Chileans go to the polls in the first round of presidential
elections on November 21, 2021. REUTERS/Ivan Alvarado
"I think there is a very important part of the
country that's tired, they don't want any more of this," said
Gonzalo Cordero, a political consultant and columnist for the
national La Tercera newspaper.
Boric's supporters point out that almost 80% of Chileans, many fed
up with the nation's ultra-free-market economic model, voted last
year to rewrite the nation's constitution . A conservative like Kast
would do little to quell discontent, they argue.
"I think that if Kast is elected, there will be an 'estallido 2.0',"
said Pedro Muñoz, an elected member of the body re-writing Chile's
constitution.
Still, the Kast campaign is leaning in to the law-and-order message,
as are his supporters.
At his campaign's closing event on Thursday night, he pledged
repeatedly to crack down on crime. The strongest applause came when
he spoke in favor of police officers, many of whom have been accused
by the public and prosecutors of using violence against protestors.
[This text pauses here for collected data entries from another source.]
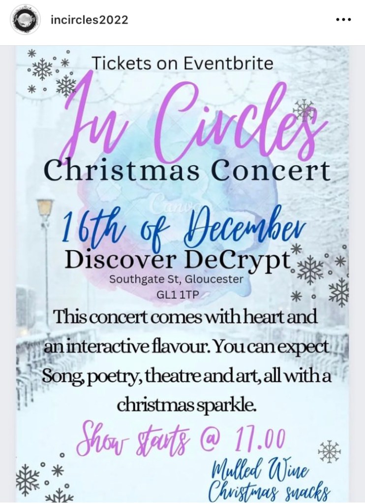 So I decided to go back for round 2 & perform again! I’m so pleased I did, it was such a wonderful experience & has potentially opened the door for further collaboration with both the InCircles team & the event promoters at “Discover DeCrypt” at the St. Mary’s DeCrypt Church on Southgate Street in Gloucester! Here was the Insta story I shared of the finale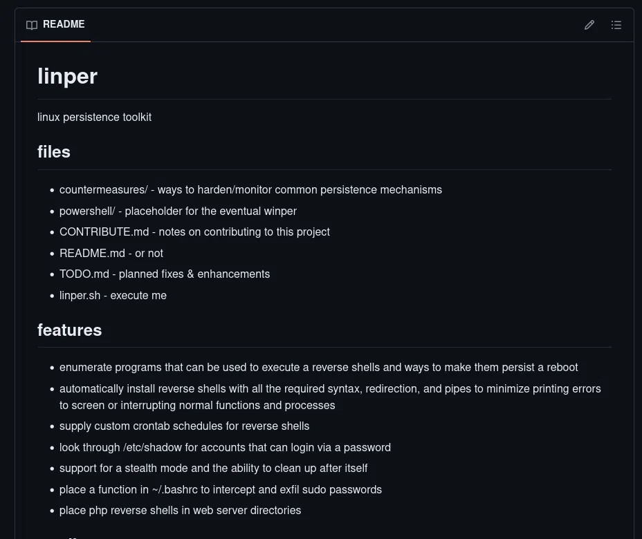 Il s'agit d'une boîte à outil de persistance ("persistence toolkit") pour les OS Linux, il vise à proposer plusieurs méthodes de persistance pour s'implanter de façon durable sur un système Linux compromis.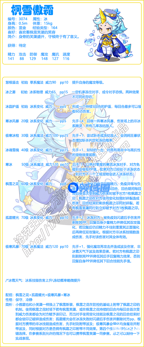 3、简析:小傲霜也和小芙藻一样换上了枫雪新装,枫雪之花在防控的基础上附带了枫霜之印的机制。使用枫雪之花时场下若有枫雪芙藻、或在枫雪之花持续的回合内每回合首次受到威力伤害都会为对方赋予该印记,而当对手使用变化技能及枫雪之花的回合结束时都会使印记破碎造成伤害;孤霜耀光会在冰冻失败时闪避后手伤害并删除对方pp,根据对方携带的非冰技能造成伤害,先手时则附带波及;极寒风暴会强化自身魔攻并附带波及,同时根据对方是否拥有枫霜之印附带不同效果。第四个技能携带寒冰是个不错选择。在参赛系别允许的情况下也可以携带枫雪芙藻一同参赛。总之可以期待一下实战表现。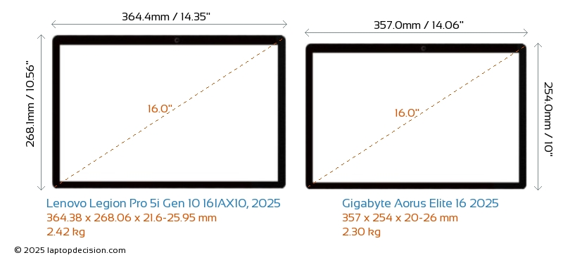 HDMIAmbos Legion Pro 5i Gen 10 16IAX10, 2025 y Aorus Elite 16 2025 cuentan con un puerto HDMI (1x HDMI 2.1) para conectar a monitores externos.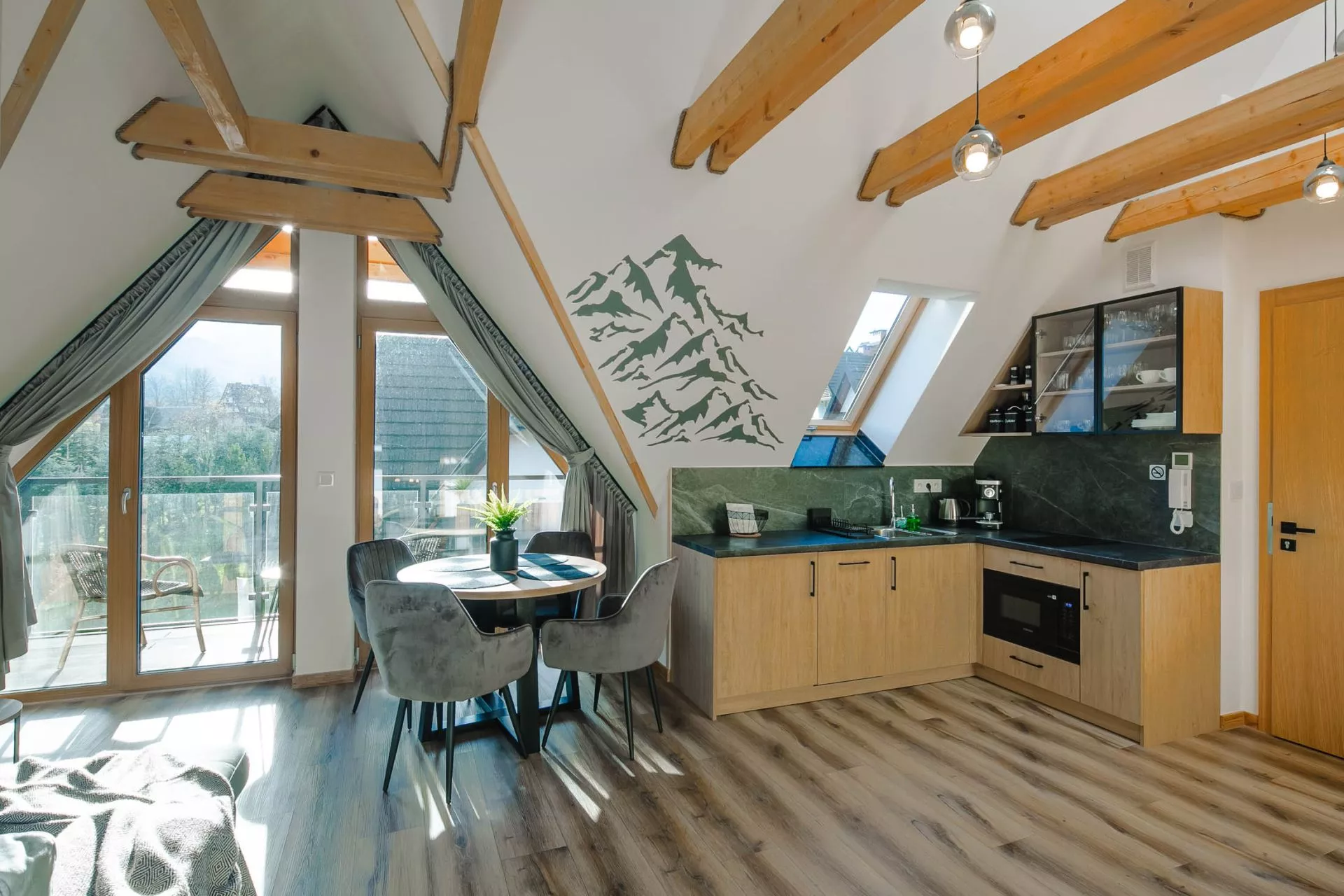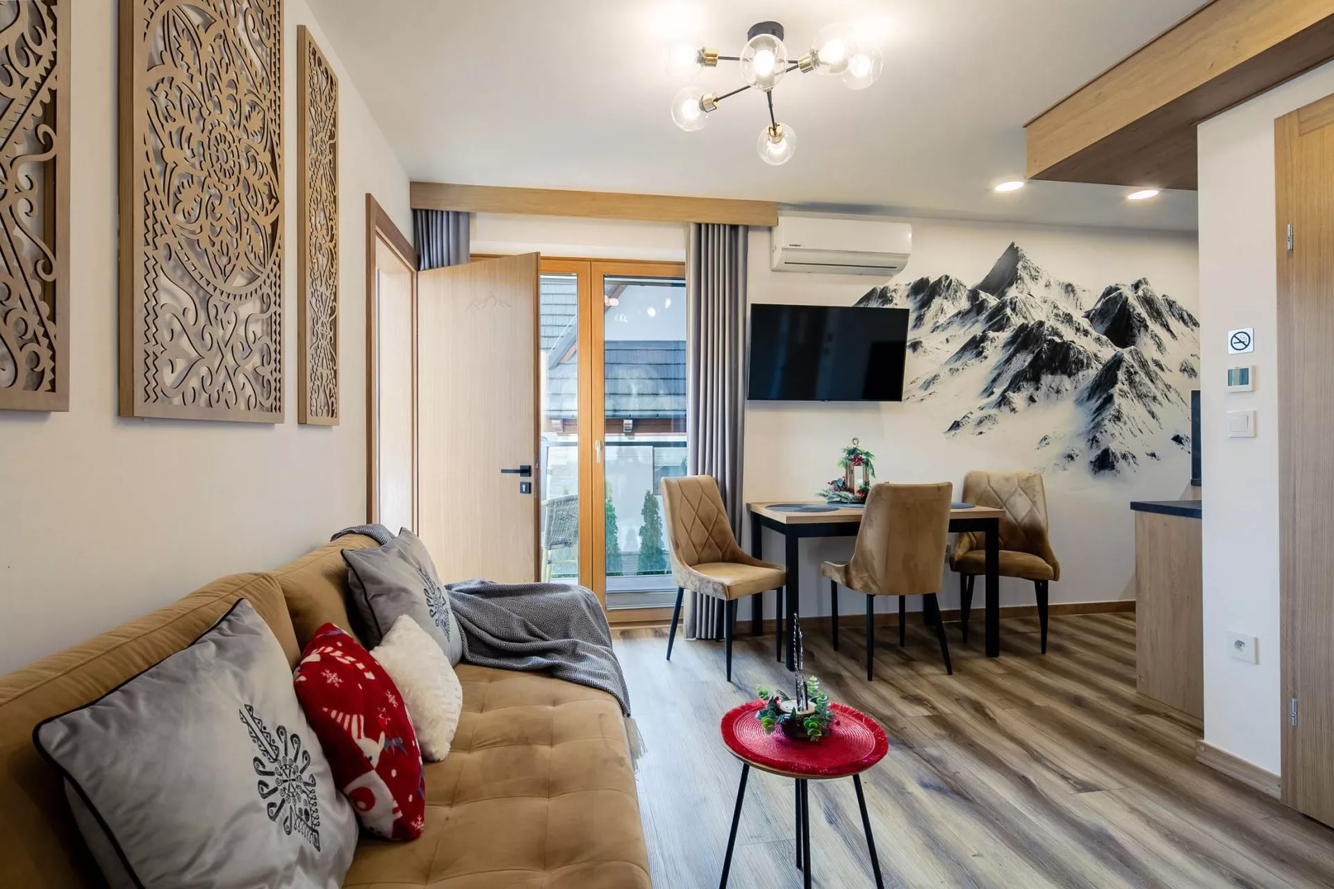 Salon: 2 osobowa rozkładana sofa, stolik kawowy, stół, 3 krzesła, TV'45, wyjście na balkon z pięknym widokiem na panoramę Tatr z meblami ogrodowymi, szafa, klimatyzacja.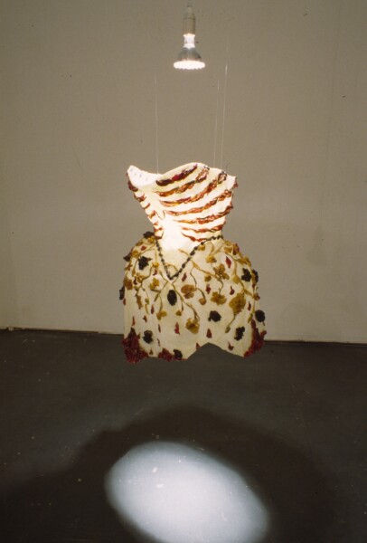 Laura Vickerson is also interested in the transitory quality of the natural world and has created garment like objects using wax forms and plant and flower fragments that elude to the inner workings of the body. The skin-like quality of the wax and red flower petals; like fatty tissue, create a layer of trasnparency acknowledging that these garments neither conceal nor protect. The artist has stated: “The work deals with contradictory qualities of strength and fragility, physical confinement as well as confinement within stereotypes (as in the references to recognizable ‘fashion styles’) and, perhaps most importantly, it speaks about vulnerability.”
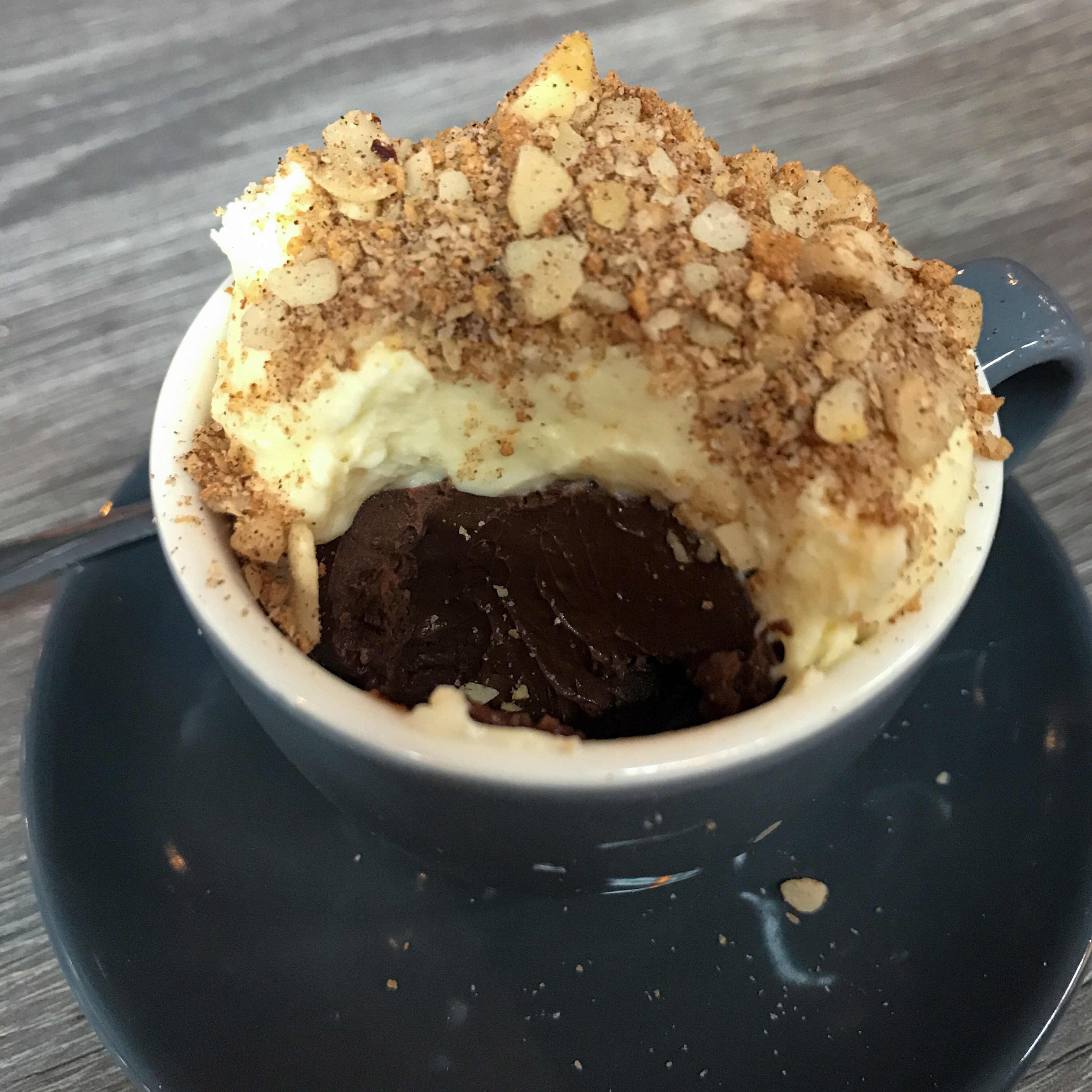 And finally, dessert… Oh my. A gorgeous and slightly alcoholic (I think) chocolate pot, topped with velvety, cloud-like white chocolate cream and a scattering of crushed macadamias and almonds. The perfect end to one of the best lunches I’ve had in ages.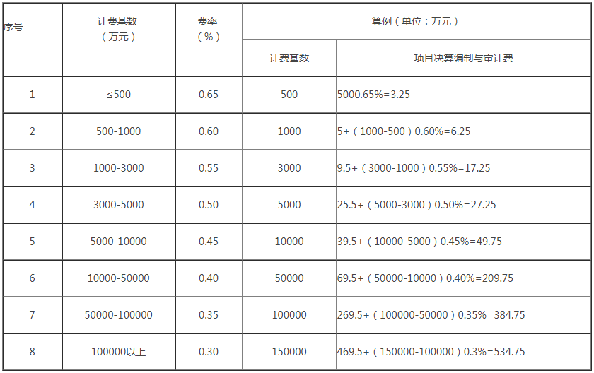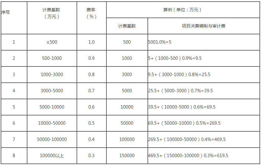 以工程施工費與設備購置費之和最為計費基數,采用差額定率累進法計算。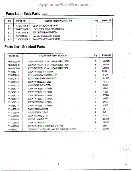 Parts for Samsung MU3050W/XAA: Oven Exploded View And Parts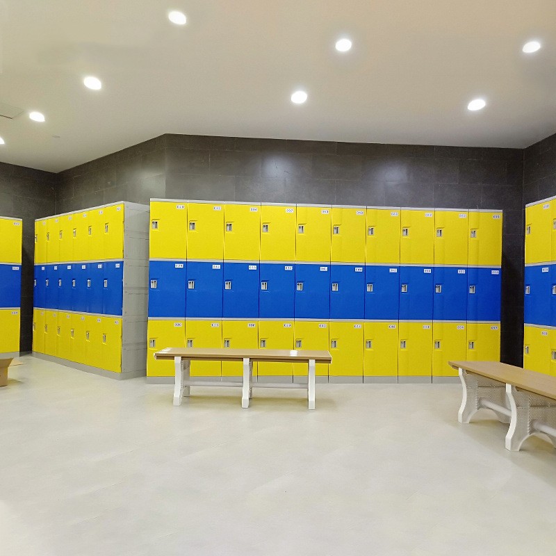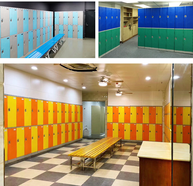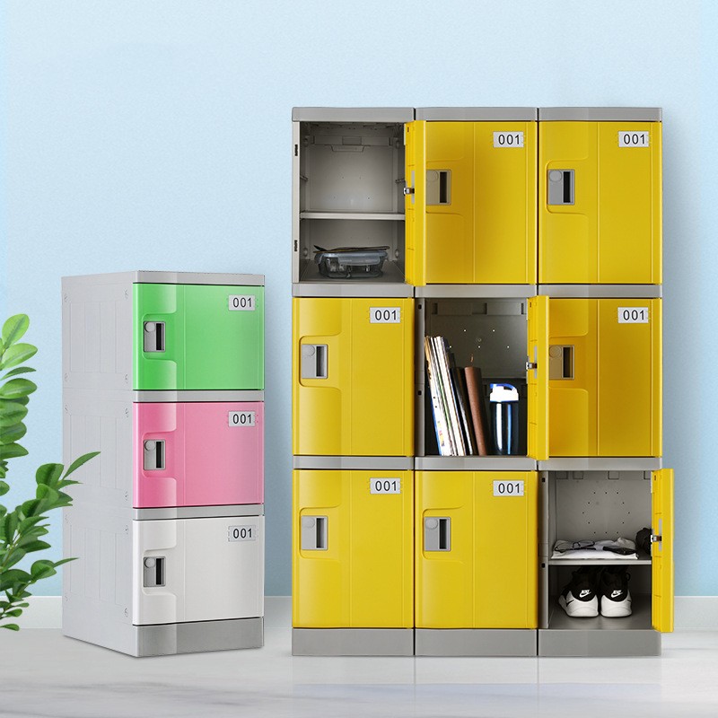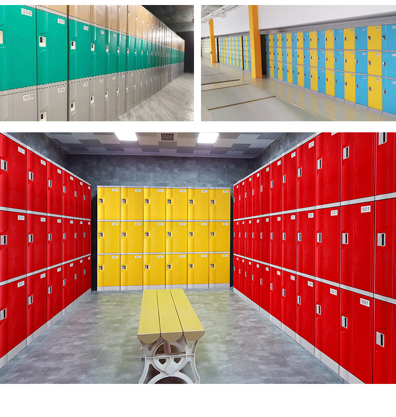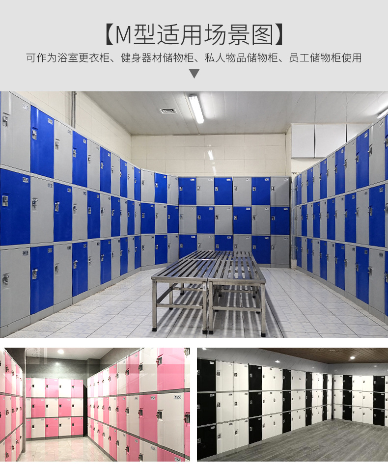 塑料更衣柜标配, 拉手, 标号牌, 可根据场地多门灵活组合。更多规格请咨询客服。 常规颜色为:黄、绿、灰、蓝色等颜色(也可根据需要安装电子锁、机械锁、转锁扣、挂锁片等锁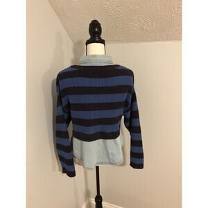 Anthropologie Pilcro Layered Blue and White Striped Sweater - Extra Extra Small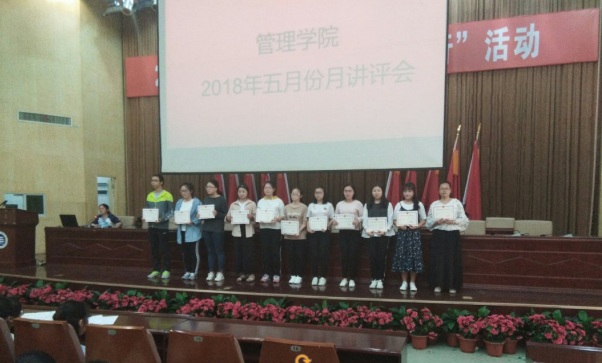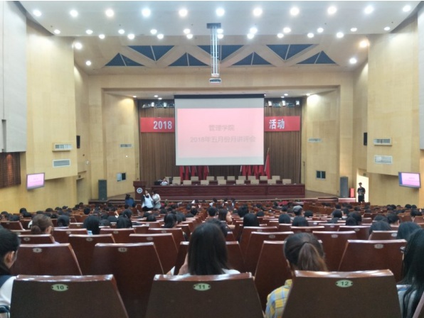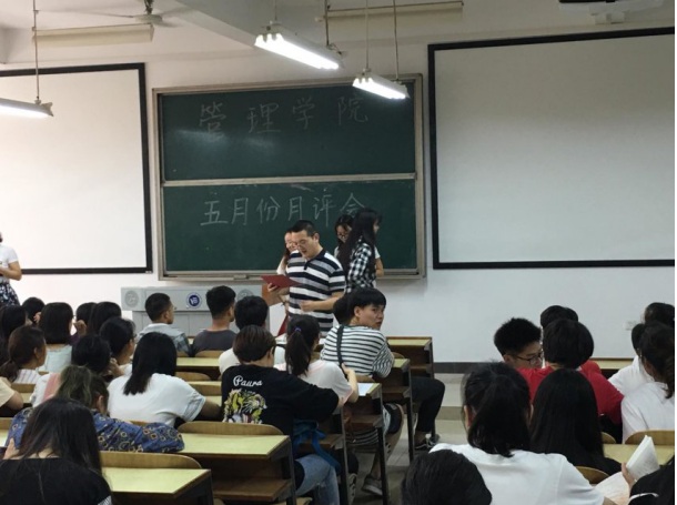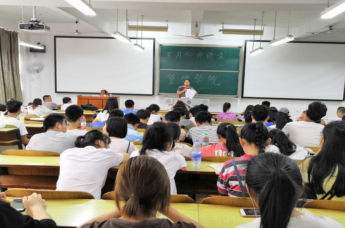 2018年5月3日中午12:00,管理学院大一大二大三全体同学、大四主要班委,在主校区教室内以及一报告厅内进行本学期第三次月评会议。学办辅导老师罗荃、黎博、单艳艳、包海燕、周艺、宋志航对工商管理、旅游管理、人力资源管理、会计学、物流管理、市场营销六个专业进行讲评。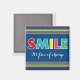 Sonrisa colorida, diseño de texto gratuito con decoración de rayas sobre fondo azul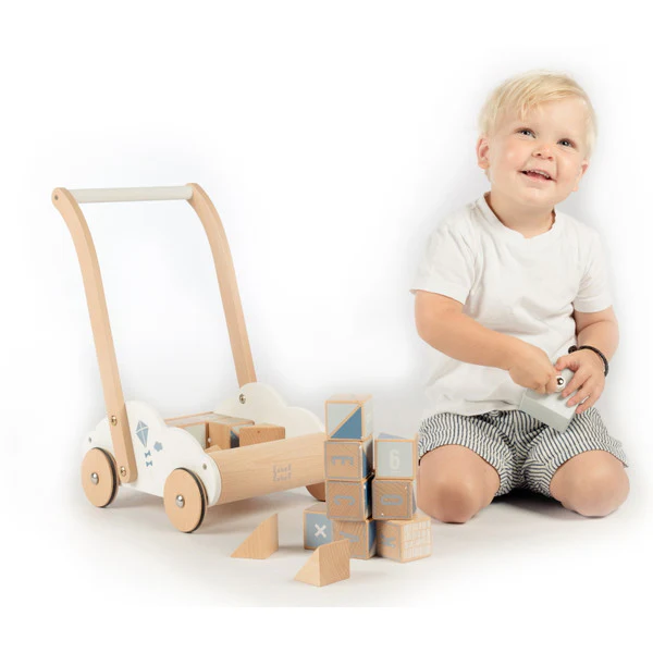 La base en forme de nuage est solide et équipée de roues en bois avec des inserts en caoutchouc pour que votre enfant puisse marcher en douceur et en toute stabilité sur n’importe quelle surface. Le chariot de blocs contient 20 blocs imprimés avec des lettres, des chiffres, des signes mathématiques, des symboles et un bloc avec une belle horloge. Tout s’insère parfaitement dans le chariot idéal pour transformer le moment de rangement en une aventure ludique et éducative.

Several supporters insisted without evidence in interviews that the
"estallido" was the product of foreign provocateurs, such as the
Venezuelan or Cuban governments.
Banners in favor of Trump were common, as were anti-crime banners
such as "Orden con Kast," or "Order with Kast."
Boric, for his part, is leaning in, too. While for Kast's supporters
the protests are a symptom of decline and disorder, for Boric, they
are a sign the previous order was not worth saving.
"We're going to do our politics from the streets," Boric said at his
own campaign event on Thursday night.